Um estudo da Kaspersky de 2020 identificou que os aplicativos Maya e MIA compartilhavam informações pessoais das usuárias com o Facebook. Embora os termos de uso desses aplicativos indicassem que os dados poderiam ser compartilhados com terceiros, não especificavam com quem, o que é uma prática comum.
“Você nunca vai ver uma plataforma falando: ‘Olha, eu estou fechando um acordo aqui com a empresa tal e nós vamos repassar os dados de vocês, tudo bem?’. Isso não ocorre”, afirma Assolini.
“Geralmente, isso fica descrito nos termos de uso de forma genérica e depois a empresa vai procurar vender esses dados para empresas que nós chamamos de data brokers.”
Esses problemas são mais prevalentes em aplicativos gratuitos, que precisam encontrar maneiras de se sustentar sem cobrar dos usuários. Além de vender os dados, eles podem monetizá-los através de anúncios.
Direitos
No entanto, os usuários têm direitos, incluindo o direito de solicitar a exclusão de suas informações dos bancos de dados do desenvolvedor. Isso pode ser feito através de uma solicitação por e-mail para a empresa ou, quando disponível, através de formulários online.
No parágrafo 4° do artigo 11 da LGPD diz que: “É vedada a comunicação ou o uso compartilhado entre controladores de dados pessoais sensíveis referentes à saúde com objetivo de obter vantagem econômica, exceto nas hipóteses relativas à prestação de serviços de saúde, de assistência farmacêutica e de assistência à saúde”.
Os usuários também podem contestar os termos de uso se considerarem que contêm cláusulas abusivas que não estão em conformidade com a lei nacional.
Outro ponto destacado por Goulart é que muitos desses aplicativos são desenvolvidos por empresas estrangeiras e não têm suas políticas traduzidas para o português, o que também viola o Código de Defesa do Consumidor.
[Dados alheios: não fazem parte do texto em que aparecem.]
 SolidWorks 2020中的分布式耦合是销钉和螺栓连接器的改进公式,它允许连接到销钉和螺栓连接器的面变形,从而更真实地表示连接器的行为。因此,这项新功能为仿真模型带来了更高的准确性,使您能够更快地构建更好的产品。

Para Joana Varon, da Coding Rights, as políticas de privacidade também apresentam outro problema: elas não garantem um consentimento real, já que os usuários que recusam os termos não podem acessar o aplicativo. “É complicado porque a gente acaba consentindo às vezes sem ler”, ressalta.
Portanto, ao usar um aplicativo que solicita muitos dados do usuário, é importante confiar na empresa desenvolvedora, pois além das preocupações com a comercialização de informações pessoais, há também o risco de vazamento de dados, conforme ressalta Goulart.
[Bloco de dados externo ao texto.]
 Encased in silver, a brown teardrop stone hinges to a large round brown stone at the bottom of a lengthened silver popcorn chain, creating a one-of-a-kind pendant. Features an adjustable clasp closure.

“A plataforma sofre um ciberataque onde um criminoso tem acesso a esses dados. Tem acesso ao seu nome, endereço, telefone, dados de saúde, números de documentos, de cartão de crédito”, exemplifica Assolini.
Isso foi evidenciado em fevereiro deste ano, quando o aplicativo de controle de ciclo menstrual Glow teve dados de cerca de 25 milhões de perfis expostos, incluindo nomes, faixa etária, imagens enviadas em um fórum online, localização e identificadores exclusivos de usuário.